Rons Rants

A Blog Is A Self-Inflicted Invasion Of Privacy

Name:
Location: Newland, North Carolina, United States

I'm a fifty two year old happily married man who doesn't really like many people which is why I live on the top of a mountain.

Sunday, May 18, 2008

The Story Of My Wife...Part Three

I cannot believe how cold and windy it has been up here on the mountain!

We would pay big bucks to experience some damned global warming right now. Michelle has been busy trying to make a few dozen different species of flowers and plants grow but the weather is not cooperating. So far, the only thing growing like hell is our feeling of impatience. We’ve been doing a lot of ‘spring time’ sprucing up projects but we’re freezing to death while doing so.

It’s really strange.

Okay…back to the story of Michelle.

After she and I finally got together, we knew immediately that we were going to stay together. Having both gone through bad marriages and relationships, we knew that nothing was a ‘sure thing’ so, one afternoon after talking about our future together, we sat down at her kitchen table and began to talk.

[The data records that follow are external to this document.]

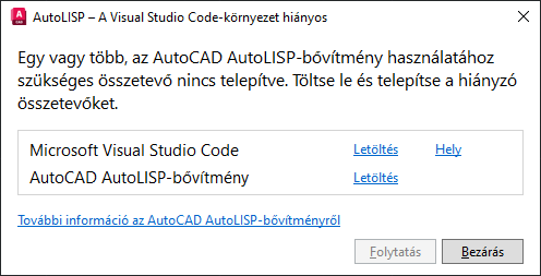 Ha a LISPSYS értéke nem nulla, az AutoCAD ellenőrzi, hogy a Visual Studio Code és az AutoCAD AutoLISP-bővítmény telepítve van-e. Ha a Visual Studio Code nincs telepítve, az alábbi üzenetpanel jelenik meg.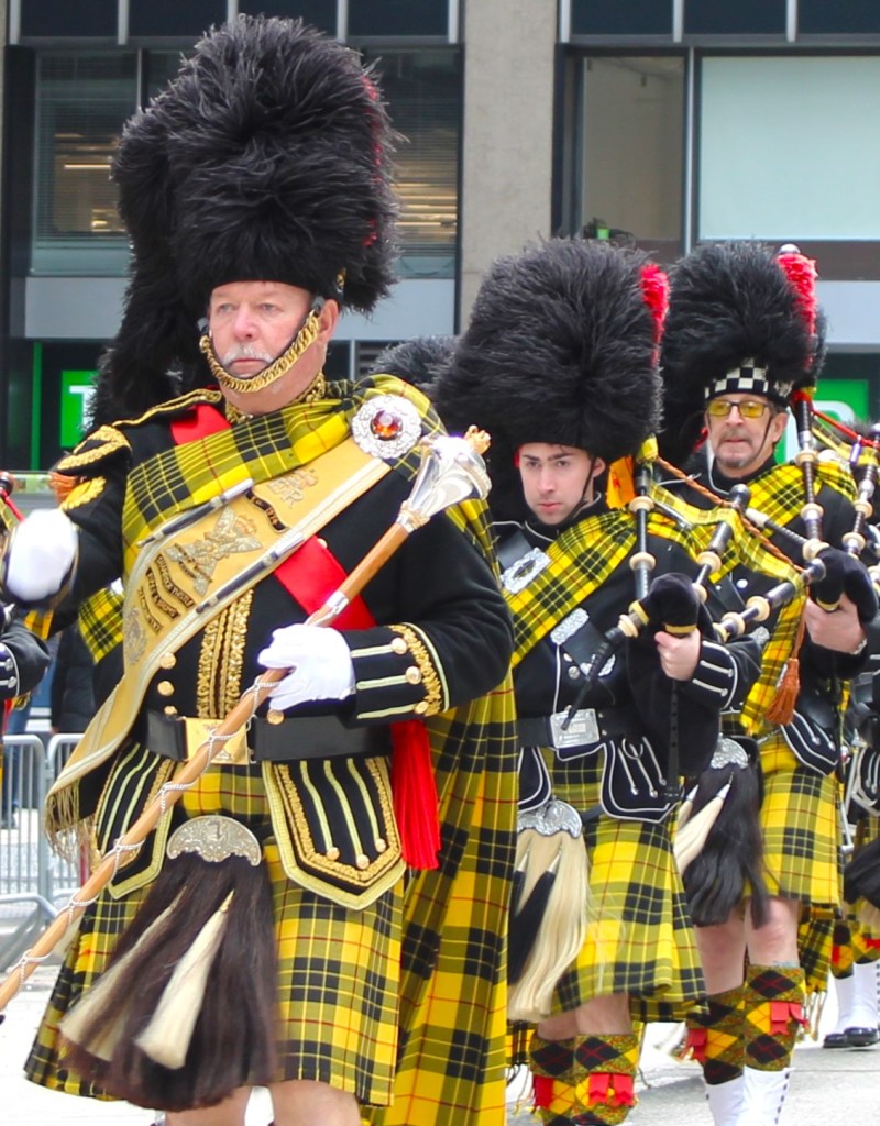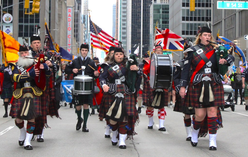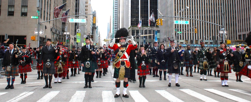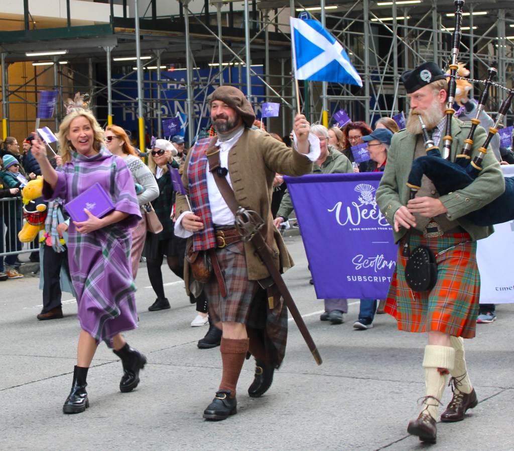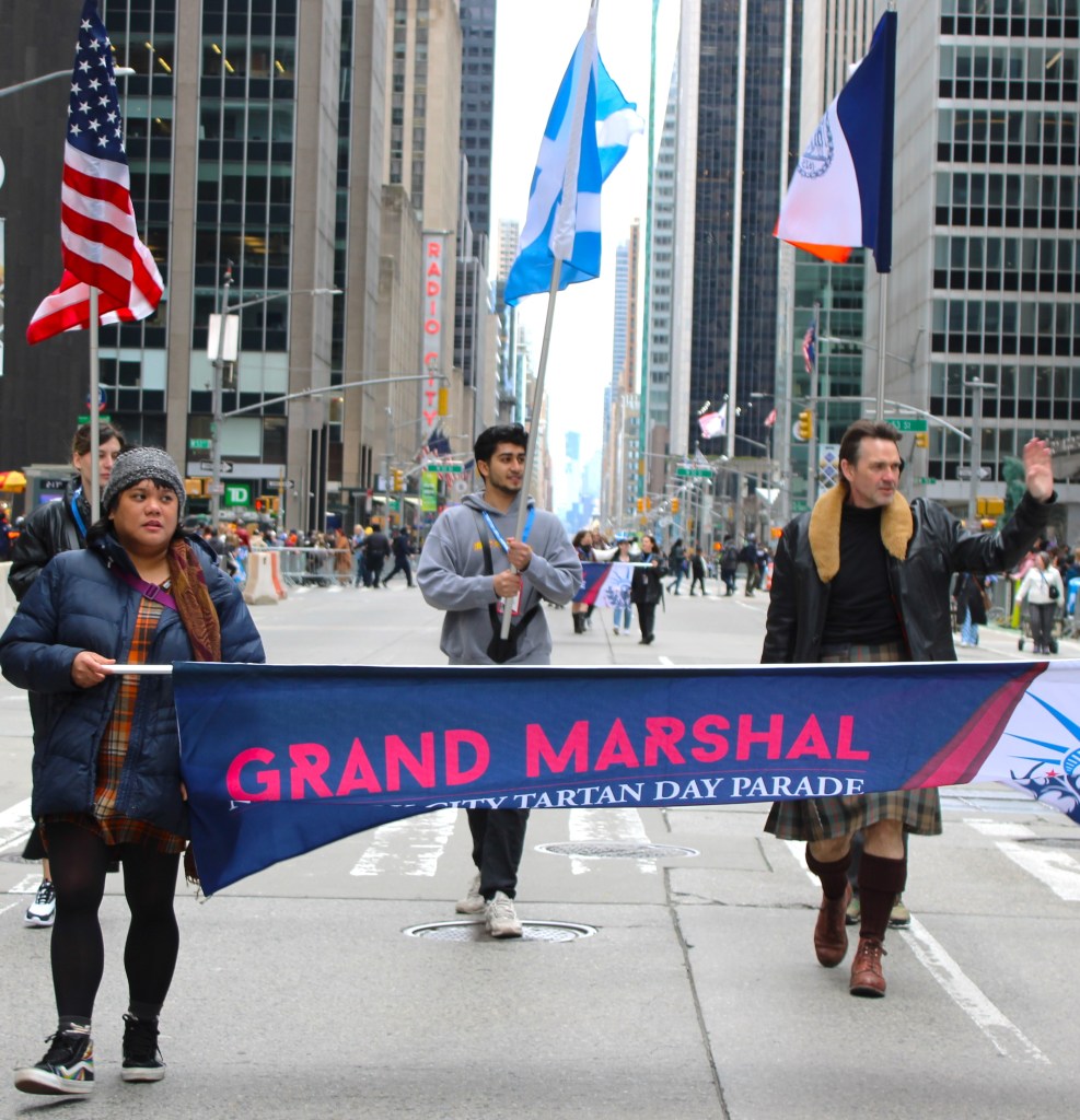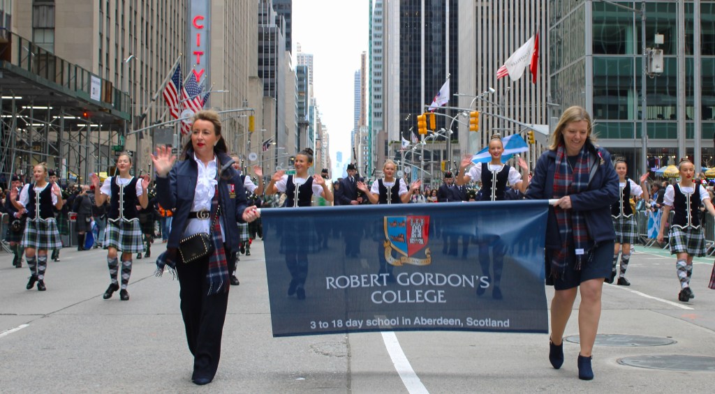 A week long celebration known as Tartan Week ends with a fun and lively parade up 6th Avenue from 44th to 55th streets. All things Scottish are celebrated with groups of Scottish ancestry making their way up the parade route for the 25th anniversary of the Tartan Day Parade. This year the great honor of being selected as Grand Marshall was famed actor Dougray Scott. He enjoyed every minute of the 2 hour event as marching groups stopped by his designated viewing area on 55th St. and put on a performance. One of the best parts of this parade is when groups from Scotland put on a show for the crowd. One of the first groups from Scotland was the Robert Gordon College Pipes and Drum Marching Band. They were excellent.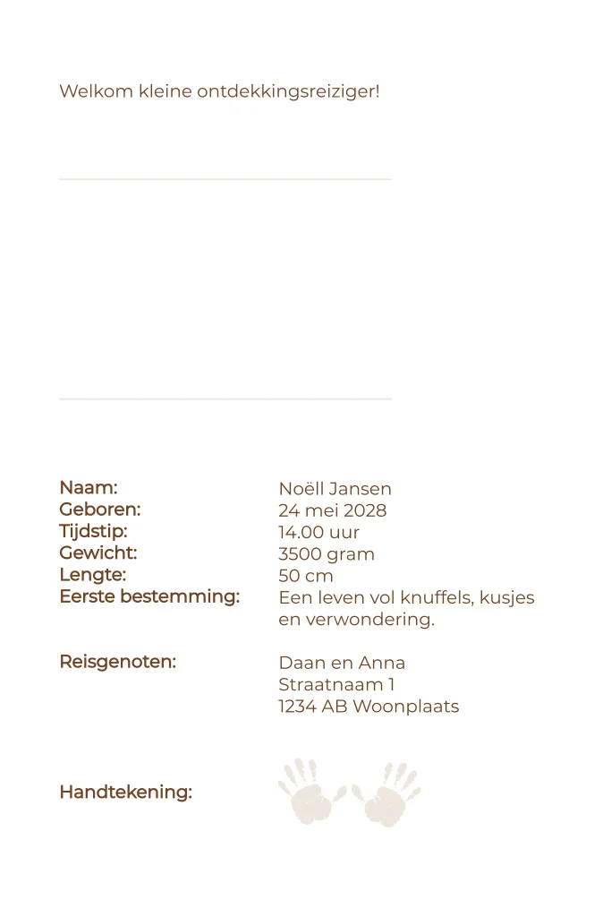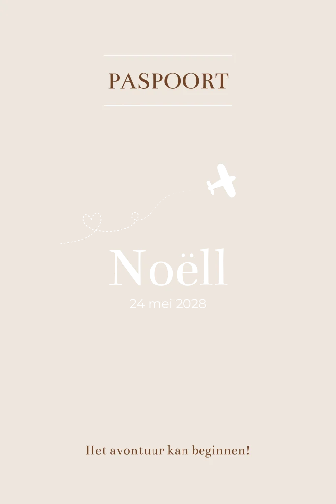 Dit stijlvolle paspoort geboortekaartje is perfect voor kleine wereldreizigers. De zachte beige tint in combinatie met glanzende gouden foliedruk en het speelse vliegtuigje maakt dit ontwerp warm, liefdevol en avontuurlijk tegelijk.

This conversation was the cornerstone of our future together. I think everyone ought to be required by law to have this type of conversation before they get married!

We covered damn near every topic/potential problem known to man. We talked about finances, morality, God, family, friends, habits, likes, dislikes, pets, politics, religious practices, health, sex….you name it and we probably talked about it. We didn't want to have any surprises.

Several hours later we decided that we were going to be married.

After we had been together for several months but before we were married, Michelle began having really severe pains in her upper back. Being a devotee of chiropractics, she went to the top chiropractor in Boone, NC for quite a few weeks but the pain persisted.

One afternoon, I saw her standing on the front deck looking out at the mountains so I went to join her and enjoy the view. When I reached her, I could see that she was crying. To this day,I’ve only seen her cry a few times in our time together, and never because of pain. Hell, I had accidentally hit her in the head with the hard edge of a tennis racket once and damn near knocked her out so…I was really worried.

She was in incredible pain, had been for quite a awhile and was worn out from it.

She buried her head in my chest and cried.

"I hurt so bad....I don't know what's going on." She said.

I insisted that she go see a ‘real’ doctor instead of a ‘quack-a-practor’. I know that people swear by chiropractors but although I’ve been to three of them…I don’t believe in them at all.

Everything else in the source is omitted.